Born in New Jersey in the early 60s, Juro would later say that she grew up under a lot of pressure to “be a rough and tough boy.” But she knew that she was a girl since she was five-years-old in 1967, back when “there was no such thing.”

She would turn to New York City’s punk scene and drugs when she turned 18, before moving back in with her mother in New Jersey and working a variety of low paying jobs.

In the 90s, she was in her 30s and just started to be able to communicate with other transgender people through the nascent internet, she recounted in a column for Al Día.

“I slowly started getting in contact with other trans people on the web, which was just getting started then and most of it was email lists and chat rooms,” she wrote. “At that point, I knew what I was, but I hadn’t figured out if this was something I could do.”

After a suicide attempt and reading the one book about being transgender that she could find at Barnes & Noble, she reached out to a transgender organization that connected her to a psychologist.

That changed her life: instead of living as society wanted her to be, she started living her truth. And the conflict in her life moved from the inside to the material transphobia of others.

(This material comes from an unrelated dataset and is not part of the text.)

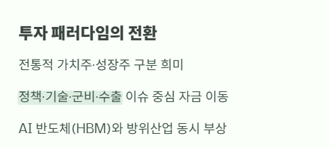 전통적인 가치주·성장주 구분이 희미해지면서 정책·기술·군비·수출같은 이슈 중심으로 자금이 이동하고 있다는 점도 특징이다.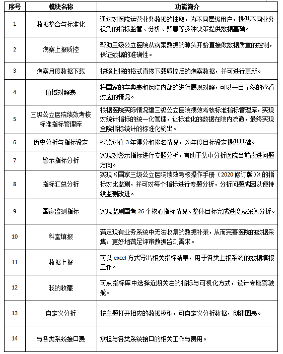 围绕《国家三级公立医院绩效考核操作手册(2020修订版)》的评审指标需求,采购的三级公立医院绩效考核指标监测与分析系统包含以下模块内容:

Prospective employers, for example, “loved my resume, but when I actually showed up in their office, and they realized I was trans, things seem to change. It got to a point where I couldn’t even get a job in retail anymore, so I started writing and realizing the lack of representation and coverage in the transgender community.”

“The ‘T’ is not silent,” became her mantra as she spoke out against how the larger LGBTQ community’s organizations consistently turned their back on transgender people. She helped organize protests of HRC and lobby Congress. She worked with New Jersey AIDS and the Trans Lifeline.

“Sad news,” her brother Steve Juro wrote on Facebook on Sunday, “my sister Rebecca Juro passed away last night. She lived a tough, multi-faceted life that took her down a number of different paths.”

“She was a writer, a strong advocate for Trans issues, a companion for my mother, a punk rocker (Joan Jett groupie, see picture) and many other things,” he wrote. “We weren’t that close and we often saw things differently, but we were family and loved and accepted each other. She would always fight for what she believed. She was battling lung cancer, thought she was beating it, but then it took her. We will miss her and she will always be remembered.”